### TASK DETAILS
Reproduce from the records below, with no pictures, exactly the lines between the one containing "Pest vármegyében 78" and the one containing "このあたりで冬も営業している", inclusive.

### DATA
********
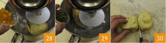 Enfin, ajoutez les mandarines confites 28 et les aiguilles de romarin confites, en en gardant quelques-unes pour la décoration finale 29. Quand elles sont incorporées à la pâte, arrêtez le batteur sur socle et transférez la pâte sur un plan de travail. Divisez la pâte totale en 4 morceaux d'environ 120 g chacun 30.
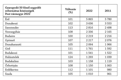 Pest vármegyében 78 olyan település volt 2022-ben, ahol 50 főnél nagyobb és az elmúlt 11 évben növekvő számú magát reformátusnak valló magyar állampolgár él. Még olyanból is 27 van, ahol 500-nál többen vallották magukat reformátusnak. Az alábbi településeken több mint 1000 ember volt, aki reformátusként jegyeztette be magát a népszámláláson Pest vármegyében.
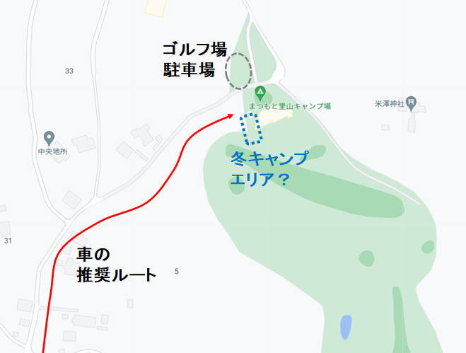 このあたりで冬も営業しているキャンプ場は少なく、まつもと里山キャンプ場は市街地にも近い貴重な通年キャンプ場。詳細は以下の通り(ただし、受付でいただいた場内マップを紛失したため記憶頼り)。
********
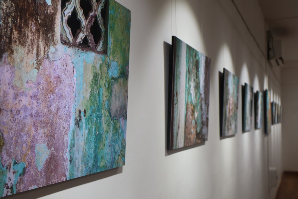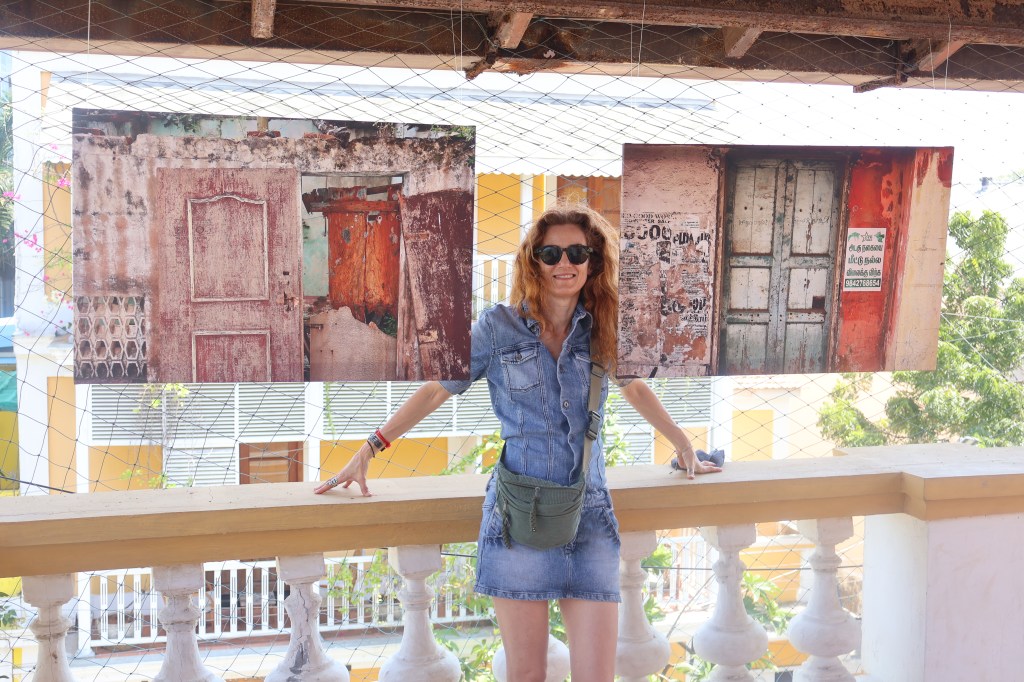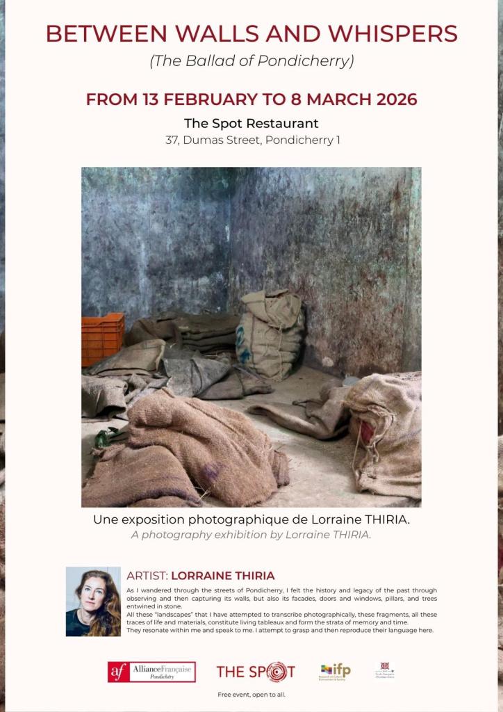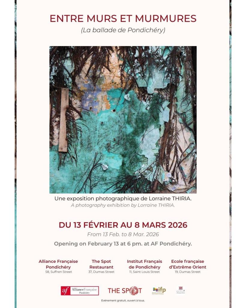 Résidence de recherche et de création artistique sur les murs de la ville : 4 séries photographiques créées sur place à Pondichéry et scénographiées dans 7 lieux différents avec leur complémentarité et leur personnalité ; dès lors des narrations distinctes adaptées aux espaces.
********
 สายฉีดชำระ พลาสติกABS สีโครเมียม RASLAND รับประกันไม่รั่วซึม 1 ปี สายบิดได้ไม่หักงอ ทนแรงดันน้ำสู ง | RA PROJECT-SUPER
********
### EXERCISE RESULT
 Pest vármegyében 78 olyan település volt 2022-ben, ahol 50 főnél nagyobb és az elmúlt 11 évben növekvő számú magát reformátusnak valló magyar állampolgár él. Még olyanból is 27 van, ahol 500-nál többen vallották magukat reformátusnak. Az alábbi településeken több mint 1000 ember volt, aki reformátusként jegyeztette be magát a népszámláláson Pest vármegyében.
 このあたりで冬も営業しているキャンプ場は少なく、まつもと里山キャンプ場は市街地にも近い貴重な通年キャンプ場。詳細は以下の通り(ただし、受付でいただいた場内マップを紛失したため記憶頼り)。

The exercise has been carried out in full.